**What you should do**
Every entry that follows must be written out exactly, apart from its pictures.

**Supplied records**
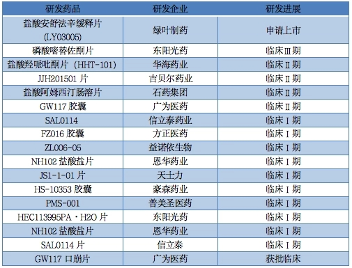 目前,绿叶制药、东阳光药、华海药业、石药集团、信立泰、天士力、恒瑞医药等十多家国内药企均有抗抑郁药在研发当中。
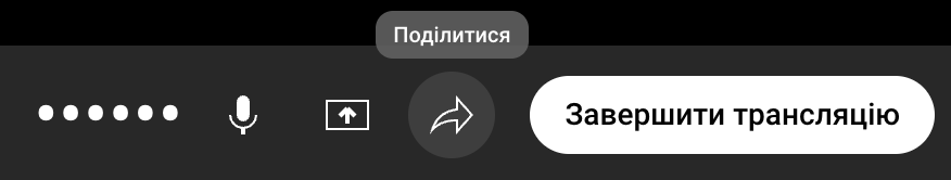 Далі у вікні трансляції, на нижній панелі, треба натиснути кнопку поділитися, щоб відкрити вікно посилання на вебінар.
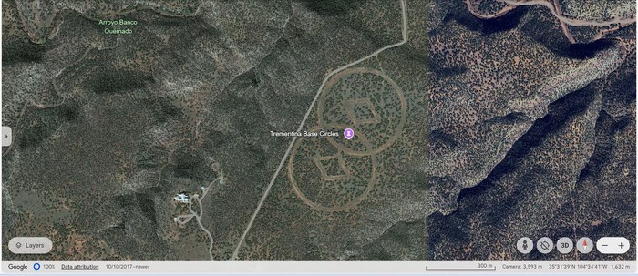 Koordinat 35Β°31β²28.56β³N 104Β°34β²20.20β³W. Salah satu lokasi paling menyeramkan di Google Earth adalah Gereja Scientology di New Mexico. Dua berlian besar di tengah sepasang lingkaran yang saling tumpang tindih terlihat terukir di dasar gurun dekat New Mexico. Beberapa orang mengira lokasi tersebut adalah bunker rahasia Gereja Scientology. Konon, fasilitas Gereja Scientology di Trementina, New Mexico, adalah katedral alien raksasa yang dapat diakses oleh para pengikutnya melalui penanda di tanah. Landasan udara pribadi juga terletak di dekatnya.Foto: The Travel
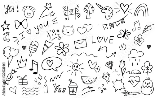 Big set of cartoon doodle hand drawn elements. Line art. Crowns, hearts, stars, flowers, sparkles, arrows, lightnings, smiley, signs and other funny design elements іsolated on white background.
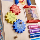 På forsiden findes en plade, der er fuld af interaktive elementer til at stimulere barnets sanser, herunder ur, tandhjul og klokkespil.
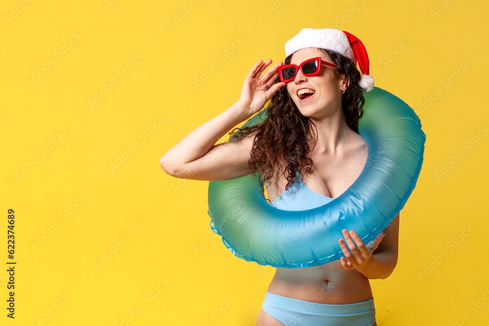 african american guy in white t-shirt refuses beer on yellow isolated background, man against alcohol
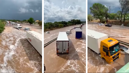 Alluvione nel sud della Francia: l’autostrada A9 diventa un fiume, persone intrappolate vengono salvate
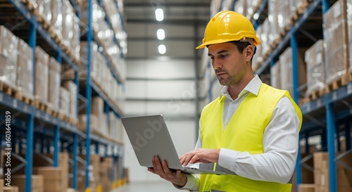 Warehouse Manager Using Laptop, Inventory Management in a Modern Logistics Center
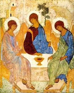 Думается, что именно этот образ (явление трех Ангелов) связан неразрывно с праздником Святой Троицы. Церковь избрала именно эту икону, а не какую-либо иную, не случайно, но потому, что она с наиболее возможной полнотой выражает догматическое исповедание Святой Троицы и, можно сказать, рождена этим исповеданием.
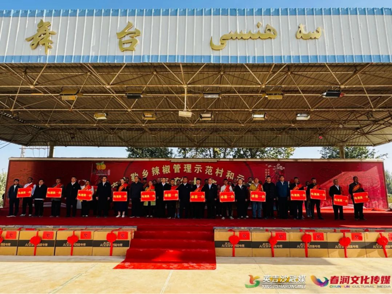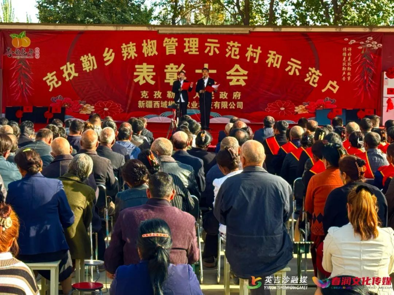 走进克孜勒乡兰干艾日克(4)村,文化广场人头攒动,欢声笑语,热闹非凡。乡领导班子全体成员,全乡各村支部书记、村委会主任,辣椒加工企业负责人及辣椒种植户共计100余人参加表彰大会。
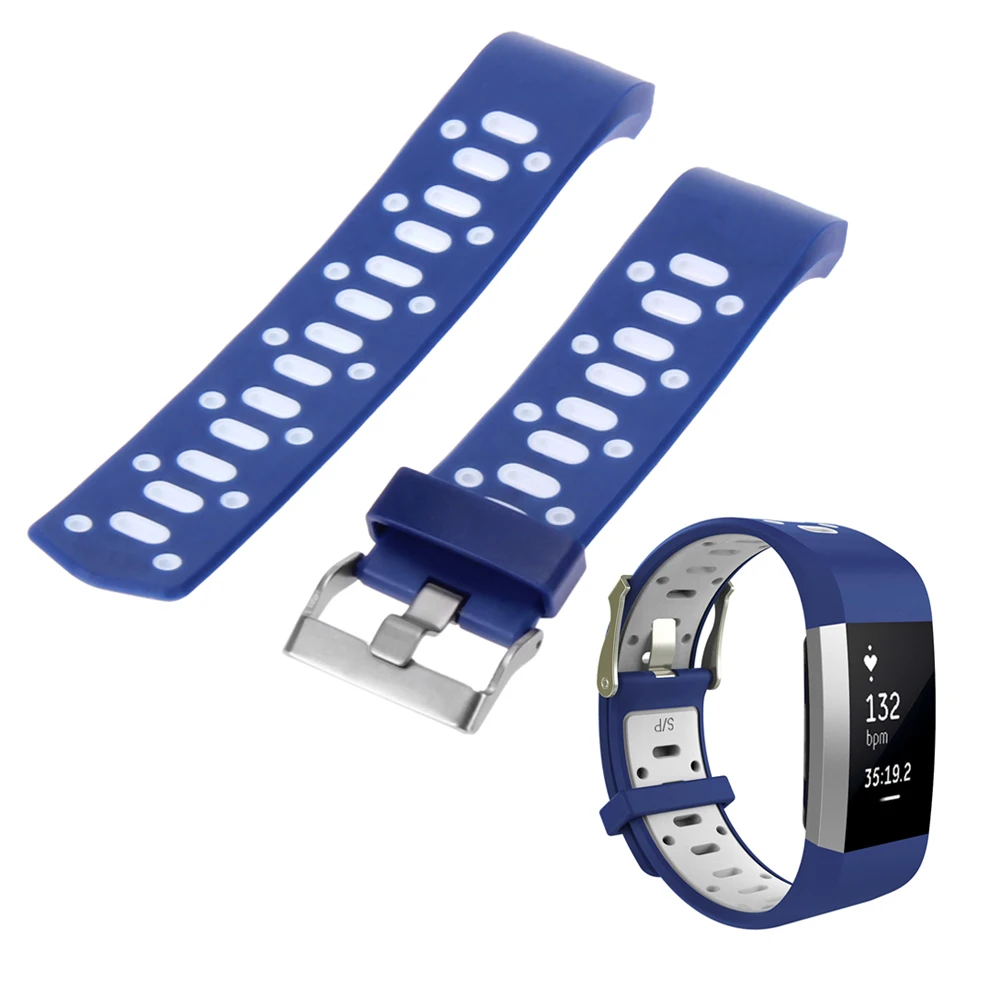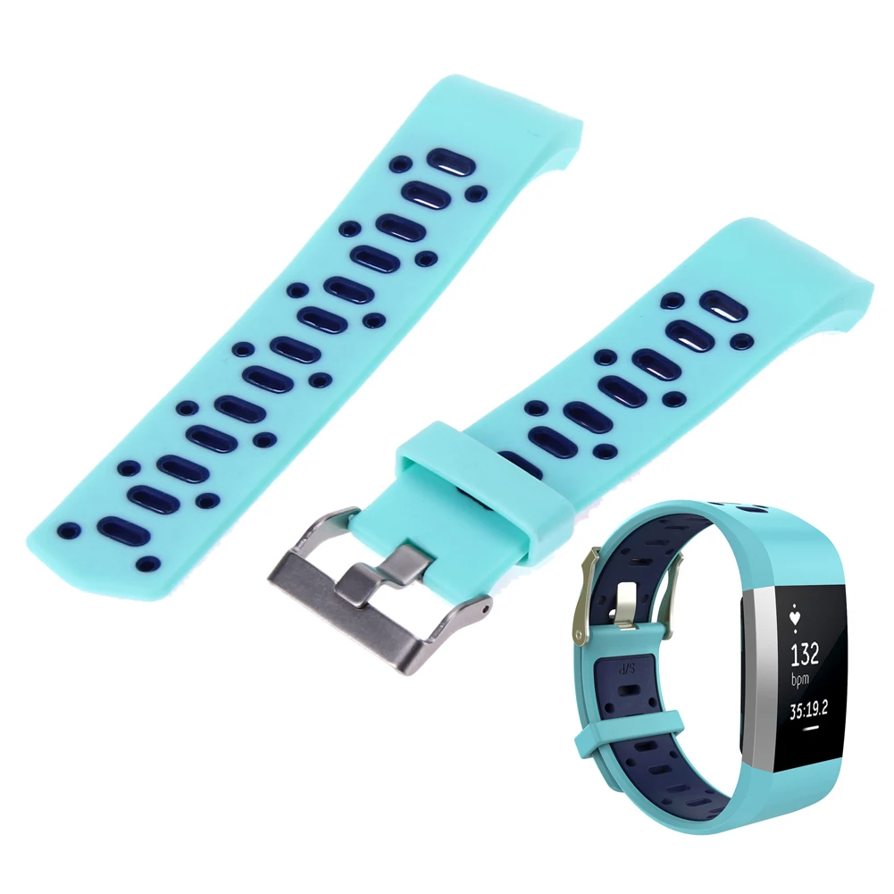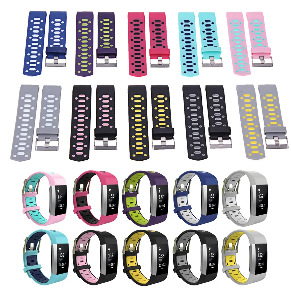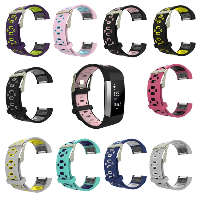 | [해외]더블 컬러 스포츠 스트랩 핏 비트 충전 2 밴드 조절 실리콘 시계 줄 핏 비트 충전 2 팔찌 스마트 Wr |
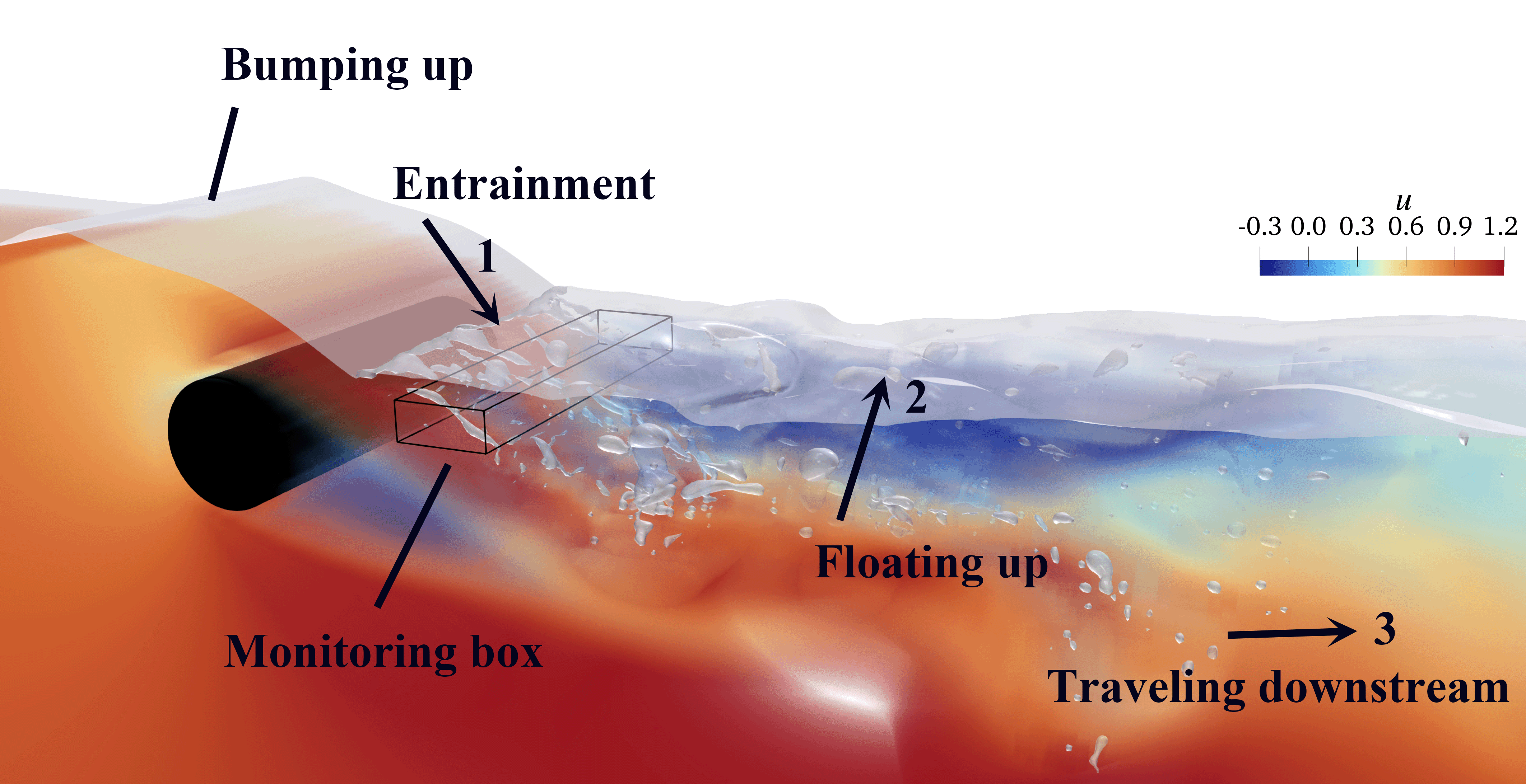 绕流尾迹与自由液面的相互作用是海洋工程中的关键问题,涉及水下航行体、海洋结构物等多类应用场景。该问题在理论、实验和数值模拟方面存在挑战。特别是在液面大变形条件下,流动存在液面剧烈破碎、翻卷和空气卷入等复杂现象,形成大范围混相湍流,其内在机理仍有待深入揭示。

**Solution for this problem**
 目前,绿叶制药、东阳光药、华海药业、石药集团、信立泰、天士力、恒瑞医药等十多家国内药企均有抗抑郁药在研发当中。
 Далі у вікні трансляції, на нижній панелі, треба натиснути кнопку поділитися, щоб відкрити вікно посилання на вебінар.
 Koordinat 35Β°31β²28.56β³N 104Β°34β²20.20β³W. Salah satu lokasi paling menyeramkan di Google Earth adalah Gereja Scientology di New Mexico. Dua berlian besar di tengah sepasang lingkaran yang saling tumpang tindih terlihat terukir di dasar gurun dekat New Mexico. Beberapa orang mengira lokasi tersebut adalah bunker rahasia Gereja Scientology. Konon, fasilitas Gereja Scientology di Trementina, New Mexico, adalah katedral alien raksasa yang dapat diakses oleh para pengikutnya melalui penanda di tanah. Landasan udara pribadi juga terletak di dekatnya.Foto: The Travel
 Big set of cartoon doodle hand drawn elements. Line art. Crowns, hearts, stars, flowers, sparkles, arrows, lightnings, smiley, signs and other funny design elements іsolated on white background.
 På forsiden findes en plade, der er fuld af interaktive elementer til at stimulere barnets sanser, herunder ur, tandhjul og klokkespil.
 african american guy in white t-shirt refuses beer on yellow isolated background, man against alcohol
 Alluvione nel sud della Francia: l’autostrada A9 diventa un fiume, persone intrappolate vengono salvate
 Warehouse Manager Using Laptop, Inventory Management in a Modern Logistics Center
 Думается, что именно этот образ (явление трех Ангелов) связан неразрывно с праздником Святой Троицы. Церковь избрала именно эту икону, а не какую-либо иную, не случайно, но потому, что она с наиболее возможной полнотой выражает догматическое исповедание Святой Троицы и, можно сказать, рождена этим исповеданием.
 走进克孜勒乡兰干艾日克(4)村,文化广场人头攒动,欢声笑语,热闹非凡。乡领导班子全体成员,全乡各村支部书记、村委会主任,辣椒加工企业负责人及辣椒种植户共计100余人参加表彰大会。
 | [해외]더블 컬러 스포츠 스트랩 핏 비트 충전 2 밴드 조절 실리콘 시계 줄 핏 비트 충전 2 팔찌 스마트 Wr |
 绕流尾迹与自由液面的相互作用是海洋工程中的关键问题,涉及水下航行体、海洋结构物等多类应用场景。该问题在理论、实验和数值模拟方面存在挑战。特别是在液面大变形条件下,流动存在液面剧烈破碎、翻卷和空气卷入等复杂现象,形成大范围混相湍流,其内在机理仍有待深入揭示。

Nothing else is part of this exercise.